Please give again exactly the lines from the top of the material through the line with "Συναγερμός έχει σημάνει"; omit each picture.

** Opening INFORMATION PROVIDED block **

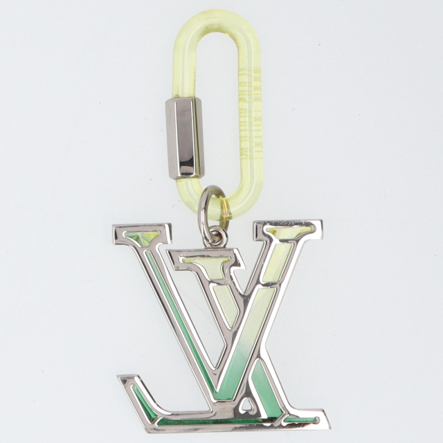 USED品。シルバー金具。「LVロゴ」をデザインしたインパクトのあるキーリングです。イエローとグリーンを基調に印象のある造りとなっております。
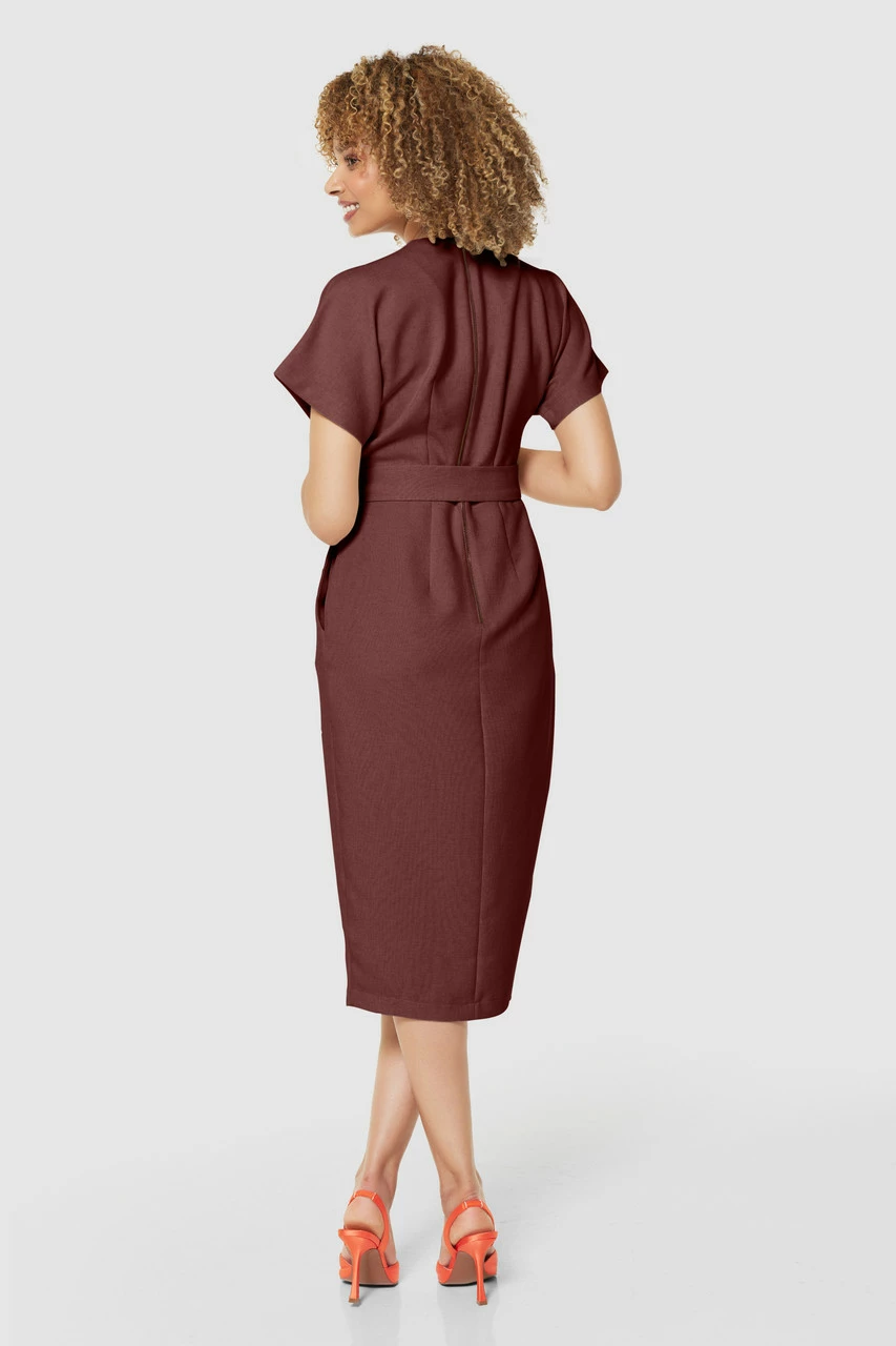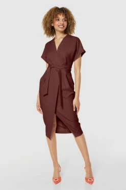 Details: Tie waist front, Side pockets, Wide sleeves, Wrap front, Cut slit front, Tulip style skirt, Kimono sleeves
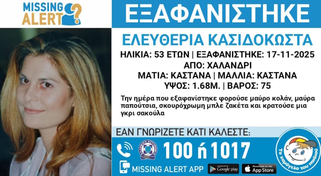 Συναγερμός έχει σημάνει στο «Χαμόγελο του Παιδιού» για την εξαφάνιση της 53χρονης Ελευθερίας Κασιδόκωστα από το Χαλάνδρι, με την οργάνωση να δημοσιοποιεί τα στοιχεία της κατόπιν αιτήματος της οικογένειάς της, καθώς υπάρχουν ανησυχίες για την ασφάλειά της.
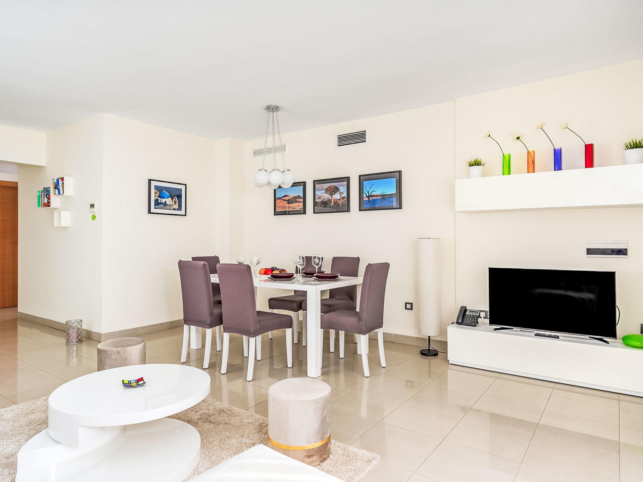 "Cortijo del Mar - Coral Nest", 4-Zimmer-Wohnung 129 m2 auf 2 Stockwerken, im Dachgeschoss. Geräumig und hell, komfortabel und schön eingerichtet: Wohn-/Esszimmer mit Digital-TV. Ausgang zur Terrasse. 1 Zimmer mit 2 Betten (90 cm, Länge 200 cm). 1 Zimmer mit 1 franz. Bett (180 cm, Länge 200 cm). Küche (Backofen, Geschirrspüler, 4 Glaskeramikplatten, Toaster, Wasserkocher, Mikrowelle, Tiefkühler, elektrische Kaffeemaschine). 2 Bäder/WC. Obergeschoss: 1 Zimmer mit 1 franz. Bett (180 cm, Länge 200 cm), Bad/WC (privat). Ausgang zur Terrasse. Terrasse. Terrassenmöbel. Seitliche Sicht auf das Meer und das Schwimmbad. Zur Verfügung: Waschmaschine, Bügeleisen, Kinderhochstuhl, Babybett, Haartrockner. Internet (WLAN, gratis). Parkplatz Nr. 68. Bitte beachten: Nichtraucher-Unterkunft. VUT/MA/91645 // Reg. Nr.: ESFCTU0000290370004883280000000000000000VUT/MA/916450

** Closing INFORMATION PROVIDED block **

THE COMPLETED TASK -
 USED品。シルバー金具。「LVロゴ」をデザインしたインパクトのあるキーリングです。イエローとグリーンを基調に印象のある造りとなっております。
 Details: Tie waist front, Side pockets, Wide sleeves, Wrap front, Cut slit front, Tulip style skirt, Kimono sleeves
 Συναγερμός έχει σημάνει στο «Χαμόγελο του Παιδιού» για την εξαφάνιση της 53χρονης Ελευθερίας Κασιδόκωστα από το Χαλάνδρι, με την οργάνωση να δημοσιοποιεί τα στοιχεία της κατόπιν αιτήματος της οικογένειάς της, καθώς υπάρχουν ανησυχίες για την ασφάλειά της.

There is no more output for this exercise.